В ту ночь, ночь после моего так и не отмеченного дня рождения, я не знал подробностей гибели ребят. Но и без этого навсегда остался во мне тот тоскливый ужас неизвестности. Мыслей о смерти семнадцати парней. И о том, что, возможно, сейчас эта смерть бродит где-то рядом с нами…

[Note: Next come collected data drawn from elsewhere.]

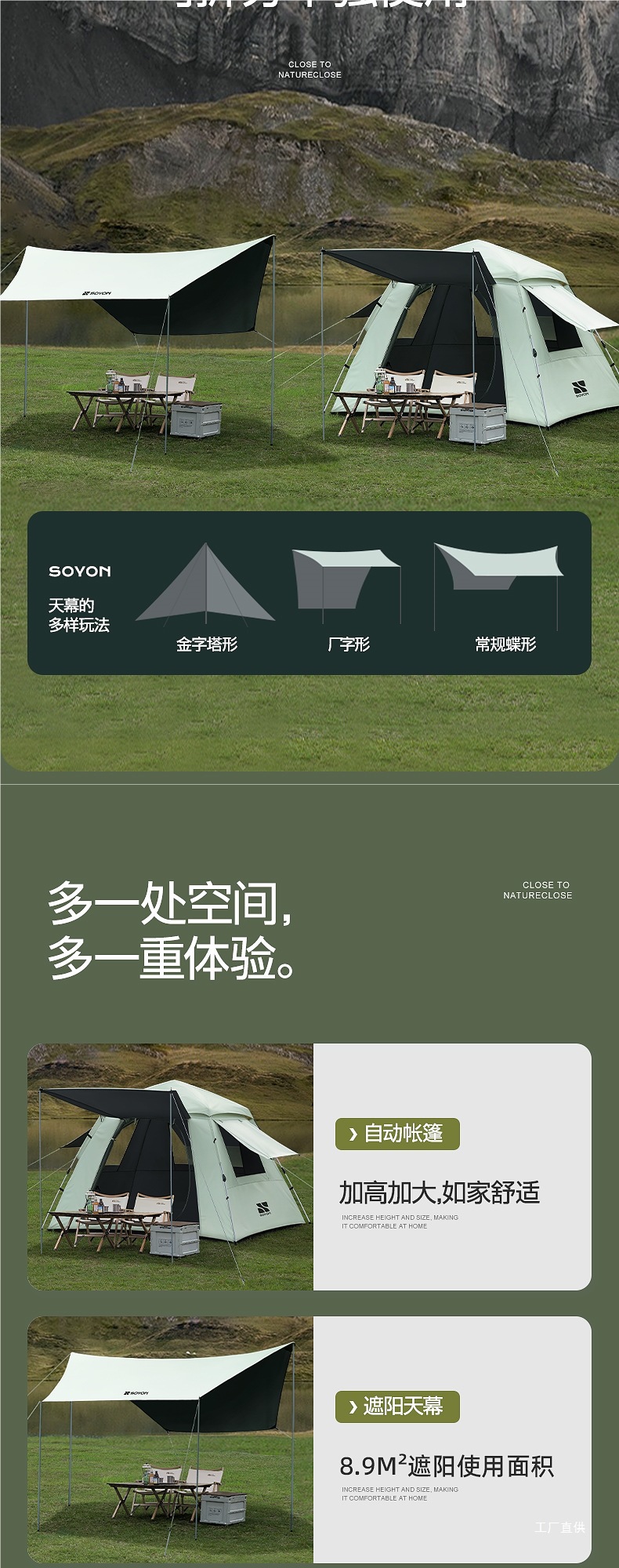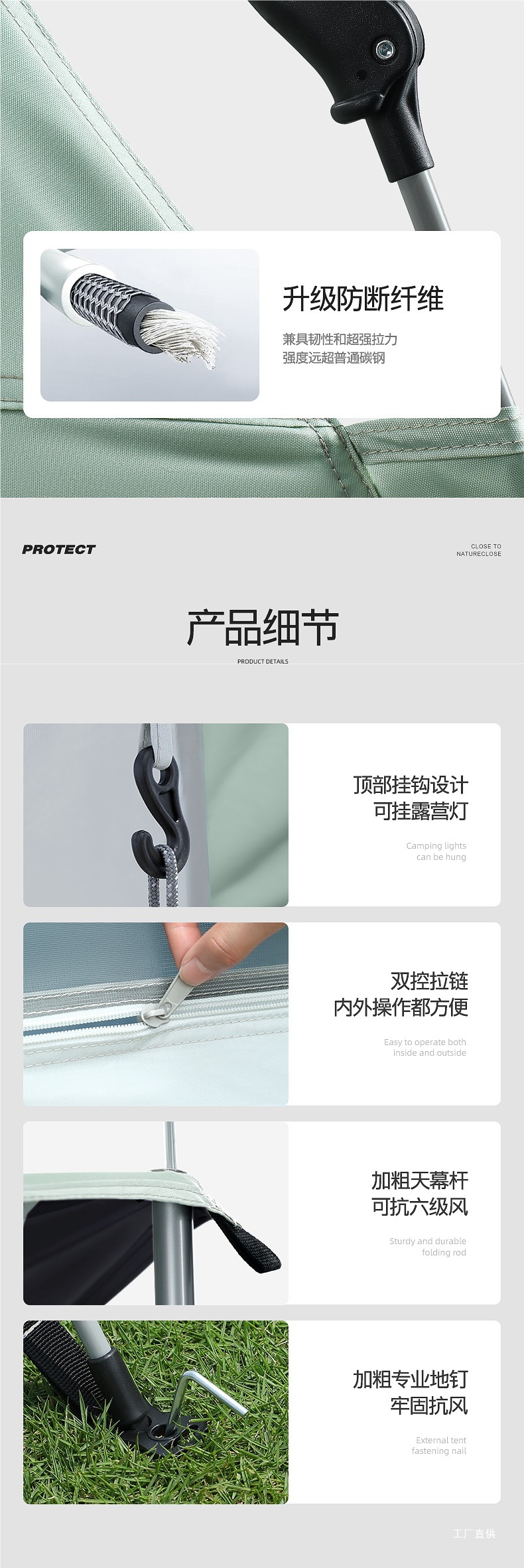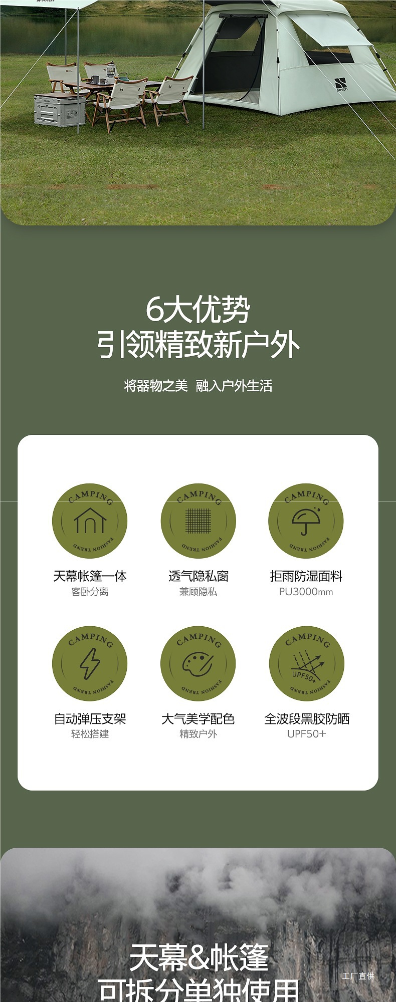 • 그레이 그린-[방습 패드 패키지] 실버 글루 텐트 + 캐노피 [특대 사이즈]
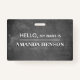 Modern and stylish name tag - My name is. Personalise the tag with your name. The text is in white colour. The background is a trendy grey chalkboard. Great for large gatherings and hospitality events.
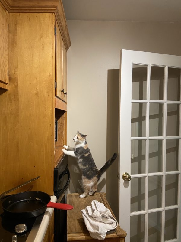 I had brought a nightstand in to help it dry out (the air was so humid out, the wood was feeling kind of wet), so she climbed up on there and really tried to figure out how to jump up there and see what’s behind the microwave.
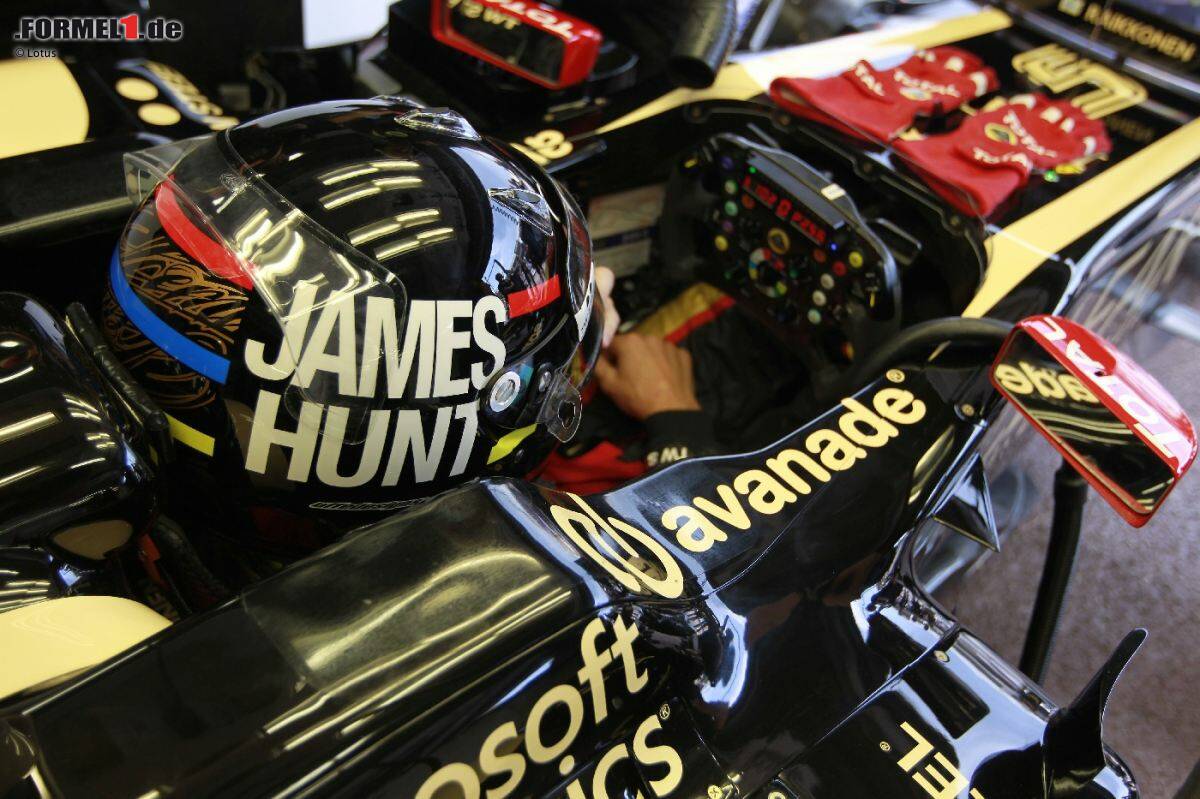 Na, wer weiß noch, wer sich hier versteckt? Es ist Kimi Räikkönen, der ein bekennender Fan von James Hunt ist. Er geht 2012 - ebenfalls in Monaco - mit dem Design des Champions von 1976 an den Start. Das Rennen im Fürstentum beendet er am Ende als Neunter.
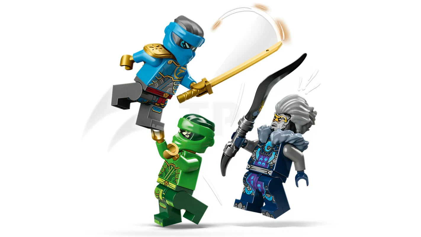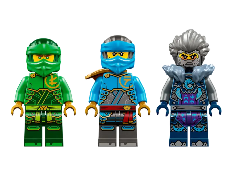 - 3 ninja action figures – Kids can play out gripping ninja action as they pit Lloyd and Nya, each armed with a katana sword accessory, against Cinder with his sword accessory.
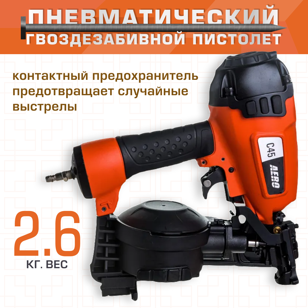 Пневматический гвоздезабивной пистолет барабанный нейлер AERO C45
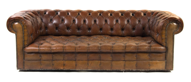 having a button-tufted back, arms and seat.

Вниз за сухпаем отправился взвод с приданными сапером и связистом. Все, как накануне у нас. Разница была только в том, что аккумуляторы у рации были севшими. И еще в том, что вниз спускался вместе с бойцами первой роты сидевший с ней до этого комбат. Был он мужик резкий и напористый. Во время спуска группа встретила «зеленых». Те сказали, что они здесь уже несколько часов и что все чисто.
То ли это подействовало на комбата, то ли сказалась его обычная напористость и желание поскорее оказаться после горки хоть в какой-то «цивилизации», в расположении бригады у подножия Нарая… Как бы там ни было, но как только бойцы забрали весь привезенный сухпай, комбат приказал броне трогаться. Никто не решился возражать, хотя по правилам броня должна была остаться прикрывать подъем группы. Но ведь «зеленые» сказали, что все чисто…
Двинулись назад. Через какое-то время встретили тех же «зеленых». «Все хорошо, шурави. Удачной дороги!»
Успокоенные «шурави» прошли еще метров десять. «Зеленые» скрылись с дорожки — и в тот же момент с обеих сторон по группе ударили почти в упор перекрестным огнем. Плотность огня и неожиданность нападения были такими, что почти никто не успел даже ответить. Все кончилось мгновенно. Так и легли все цепью, как шли.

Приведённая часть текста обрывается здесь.